Blake Shelton singles chronology
| "Drink on It" (2012) | "Over" (2012) | "Just a Fool" (2012) |

= Over (Blake Shelton song) =

"Over" is a song written by Paul Jenkins and David Elliott Johnson and recorded by American country music artist Blake Shelton. It was released in May 2012 as the fourth and final single from Shelton's 2011 album Red River Blue. The song reached number one on the US Billboard Hot Country Songs chart in September 2012. It was originally released in 2007 as a track on Burn Out Bright, the debut and only album released by Jenkins's band, The Royce.

==Critical reception==
Billy Dukes of Taste of Country gave the song three stars out of five, calling it "an extraordinary recording of an ordinary song." Ashley Cooke of Roughstock gave the song two stars out of five, writing that it "doesn't really fit [Shelton's] style or personality." Kevin John Coyne of Country Universe gave the song a D grade, calling it "mediocre" and comparing it to a nineties lukewarm rock ballad.

==Music video==
The music video was directed by Roman White and premiered on June 15, 2012.

== Covers ==
Terry McDermott covered the song in the 3rd season of The Voice.

==Chart performance==
"Over" debuted at number 53 on the U.S. Billboard Hot Country Songs chart for the week of May 19, 2012. On the chart dated September 1, 2012, "Over" became Shelton's seventh consecutive number one single, and his twelfth overall.

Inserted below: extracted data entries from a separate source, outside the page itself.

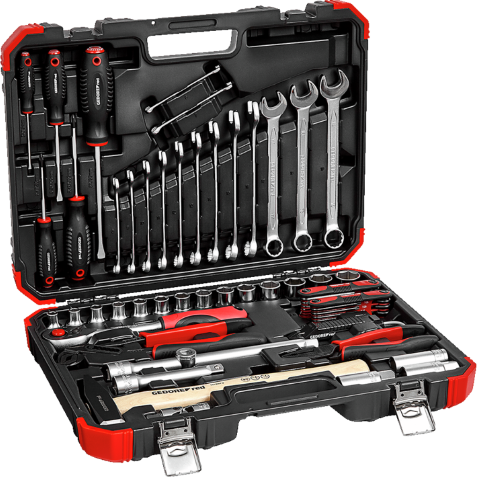 Universal Werkzeugkoffer, bestückt mit den wichtigsten Werkzeugen.Alles in bewährter Gedore-red Qualität. Die Werkzeuge sind Formstabil in eine massiven Kunststoffkoffer verwahrt, dadurch ist ein einfacher Transport gewährleistet.Der Koffer eignet sich perfekt für den mobilen Einsatz oder als Zusatzausstattung für Ihren PKW, Traktor oder sonstige Fahrzeuge.Maße: 452 x 86 x 340 mm BxHxTGewicht nur ca. 7 Kg.
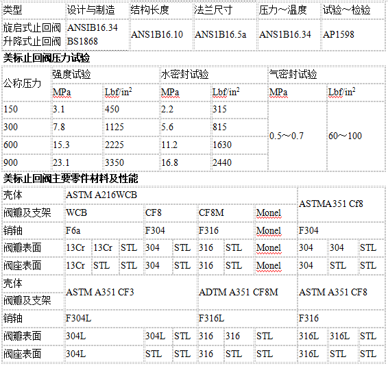 美標(biāo)止回閥又稱單向閥或逆止閥,其作用是防止管路中的介質(zhì)倒流。啟閉件靠介質(zhì)流動(dòng)和力量自行開啟或關(guān)閉,以防止介質(zhì)倒流的閥門叫止回閥。美標(biāo)止回閥屬于自動(dòng)閥類,主要用于介質(zhì)單向流動(dòng)的管道上,只允許介質(zhì)向一個(gè)方向流動(dòng),以防止發(fā)生事故。本類閥門在管道中一般應(yīng)當(dāng)水平安裝。美標(biāo)止回閥制造標(biāo)準(zhǔn):中國GB、機(jī)械部JB、化工標(biāo)準(zhǔn)HG、美標(biāo)API、ANSI、德標(biāo)DIN、日本JIS、JPI、英標(biāo)BS生產(chǎn)。閥體材質(zhì):銅、鑄鐵、鑄鋼、碳鋼、WCB、WC6、WC9、20#、25#、鍛鋼、A105、F11、F22、不銹鋼、304、304L、316、316L、鉻鉬鋼、低溫鋼、鈦合金鋼等。工作壓力1.0Mpa-50.0Mpa。工作溫度:-196℃-650℃。連接方式:內(nèi)螺紋、外螺紋、法蘭、焊接、對焊、承插焊、卡套、卡箍。驅(qū)動(dòng)方式:手動(dòng)、氣動(dòng)、液動(dòng)、電動(dòng)。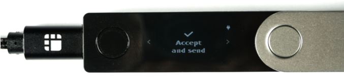 - Выполнение транзакции производится двойным нажатием клавиши аппаратного кошелька.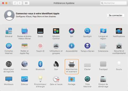 Ouvrez [Préférences Système] et cliquez sur [Imprimantes et scanners].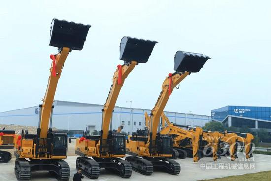 1月3日,柳工挖掘機在柳州國際工業(yè)園隆重舉行15臺CLG965EHD,CLG975EHD大型挖掘機批量發(fā)運儀式?,F(xiàn)場挖掘機身披大紅花、排列整齊,整裝待發(fā)!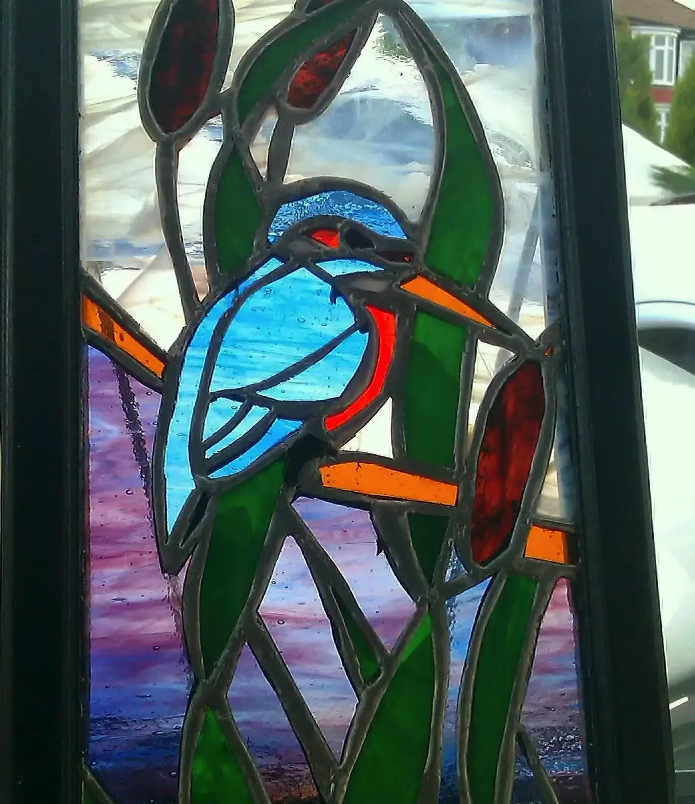 This Kingfisher was my first attempt at the hobby and I enjoyed it immensely, apart from the occasional cut to my hand and a swear word when something didn’t snap in the right place. I would continue to do pieces, as I wanted to explore using a leaded light frame, but I need a grinder as there isn’t a group meeting in the area anymore.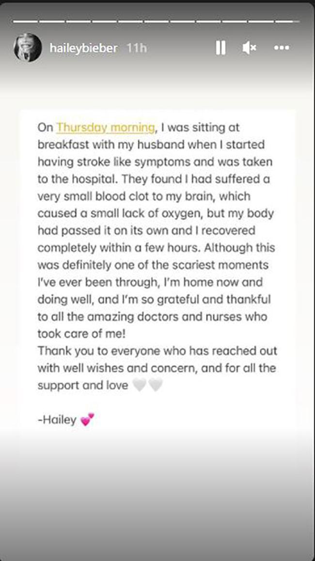 हेली बीबर ने लिखा- 'गुरुवार सुबह, मैं अपने पति के साथ नाश्ता करने बैठी थी जब मुझे स्ट्रोक जैसा महसूस होने लगा और फिर मुझे अस्पताल ले जाया गया. वहां पता चला कि मेरे दिमाग में एक छोटा सा ब्लड क्लॉट हो गया था, जिसके कारण ऑक्सीजन की कमी हो गई थी. पर मेरे शरीर ने अपने आप इस पर काबू पा लिया था और कुछ ही घंटों में मैं ठीक हो गई. ये मेरी जिंदगी के सबसे डरावने हादसों में से एक है, अब मैं घर पर हूं और अच्छी हूं. मैं सभी डॉक्टर्स-नर्सों जिन्होंने मेरी देखभाल की, उनकी आभारी हूं और उनका धन्यवाद करती हूं. इतने सपोर्ट और प्यार के लिए आप सभी का धन्यवाद.'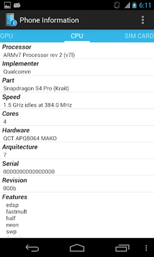 Do you know about your cell phone info? .Phone Information. This application let you see all of your device's internal information in one place, easy and simple. Check your running processes, carrier information, memory usage, sim card,phone cpu, gpu info,hardware and much more!.
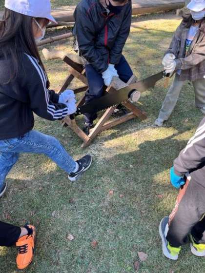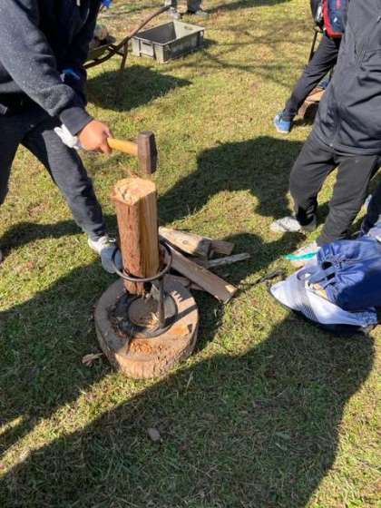 くさびやのこぎり、クラッカーなどを使ってまき割りをしました。この後このまきを使って、ピザを焼きます。

| Chart (2012) | Peak position |
|---|---|
| Canada Hot 100 (Billboard) | 59 |
| US Billboard Hot 100 | 43 |
| US Hot Country Songs (Billboard) | 1 |

===Year-end charts===

| Chart (2012) | Position |
|---|---|
| US Country Songs (Billboard) | 36 |

===Certifications===

| Region | Certification | Certified units/sales |
| United States (RIAA) | Platinum | 1,000,000^{‡} |
^{‡} Sales+streaming figures based on certification alone.